One thing that’s constantly annoyed me about anything video-related is the little progress slider tracker thing. Even for a short video, I always end up on the wrong spot. YouTube has the little coverflow-esque window which gives little snapshots to help, and Apple has their drag down to do precision adjustment, but in the end the experience is far from optimal. This is especially unsuitable because moreso in lectures than perhaps in any other type of content, you really want to be able to step back and go over some little thing again. Having to risk cognitive derailment just to go over something you don’t quite get can’t possibly be good (actually, for long videos in general, it would be a good idea to snap the slider to the nearest camera/scene change which wouldn’t be hard to find with basic computer vision, since that’s in general, where I want to go). But for this specific application, the canvas itself makes perhaps the greatest navigatory tool of all. The format is just a perpetually amended canvas with redactions rare, and the most sensible way to navigate is by literally clicking on the region that needs explanation.

But having a linear representation of time is useful for pacing, and to keep track of things when there isn’t always a clear relationship between the position of the pen and time. A more useful system would have to be something more than just a solid gradient bar crawling across the bottom edge of the screen, because it would also convey where in the content the current step belongs. This is something analogous to the way YouTube shows a strip of snapshots when thumbing through the slider bar, but in a video-lecture setting we have the ability to automatically and intelligently build populate the strip with with specific and useful information.

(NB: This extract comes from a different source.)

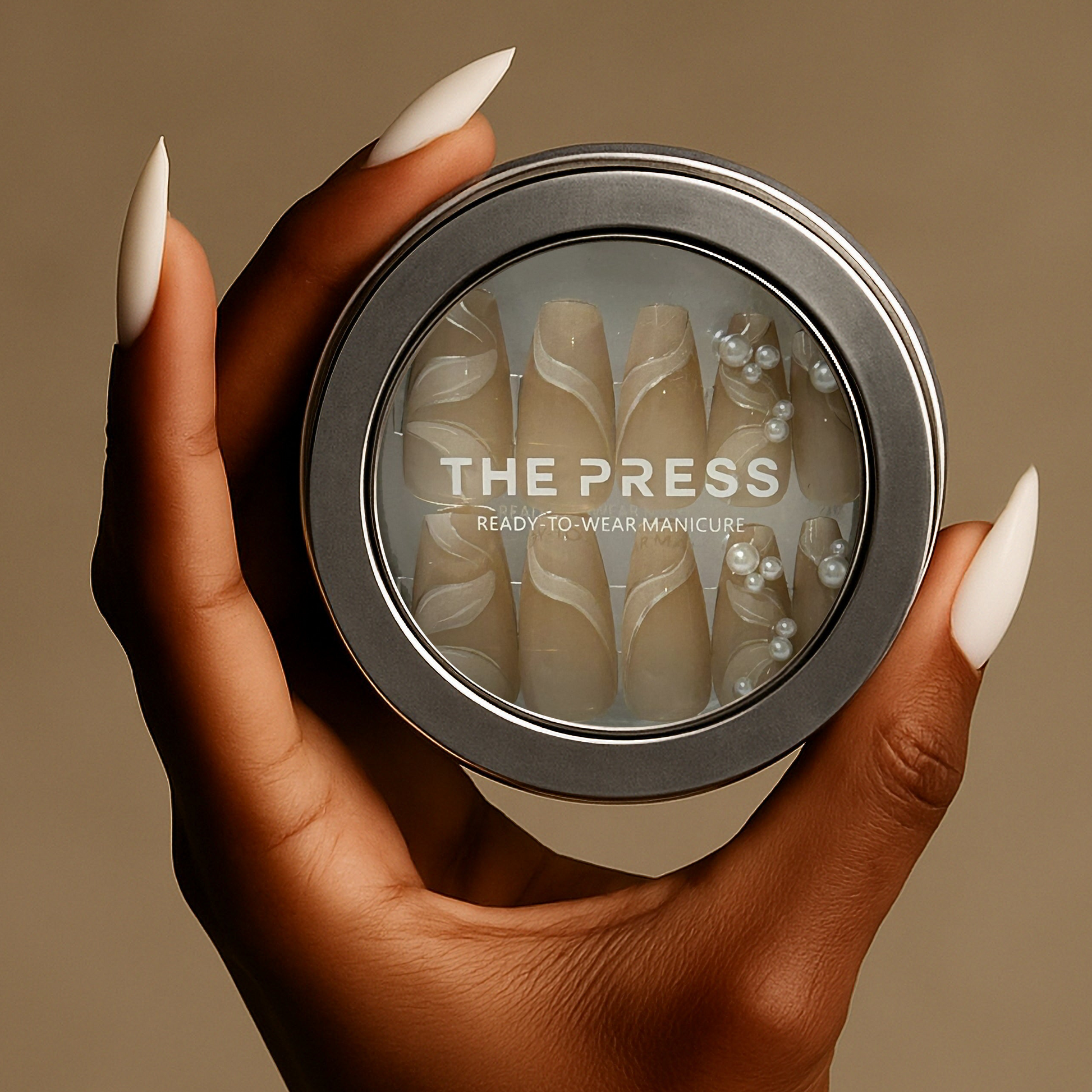 STEP 6: Touch up and reshape your Read-to-Wear Manicure using the file included or a nail clipper. Tip: THE PRESS Nails can be filed from any side, including the cuticle area, if you want to shorten the length of the nails without losing the tip design.

From this foundation we can imagine looking at the entire lecture in it’s final end state, except with the handwriting grayed out. The user can simply circle or brush over the regions which might seem less trivial, and the interface could automatically stitch together a customized lecture at just the right pacing, playing back the work correlated with audio annotations. On top of that, the user can interact with the lecture by contributing his or her own annotations or commentary, so that learning isn’t confined to the course syllabus.

Now, this project, or at least its goals evolved from an idea to vectorize Khan Academy. None of these truly requires a vector input source, in fact many of the ideas would be more useful implemented with raster processing and filters, by virtue of having some possibility of broader application. I think it may actually be easier to do it with the raster method, but I think, if this is possible at all, it’d be cooler to do it using a vector medium. Even if having a vector source was a prerequisite, it’d probably be easier to patch up a little scratchpad-esque app to record mouse coordinates and to re-create lectures rather than fiddling with SimpleCV in order to form some semblance of a faithful reproduction of the source.

I’ve had quite a bit to do in the past few months, and that’s been reflected in the kind of work I’m doing. I guess there’s a sort of prioritization of projects which is going on now, and this is one of those which has perennially sat on the top of the list, unperturbed. I’ve been busy, and that’s led to this wretched mentality to avoid anything that would take large amounts of time, and I’ve been squandering my time on small and largely trivial problems (pun not intended).

At this point, the processing is almost done, I’d say about 90%, so I don’t have much time to say anything else. I really want this to work out, but of course, it might not. Whatever happens, It’s going to be something.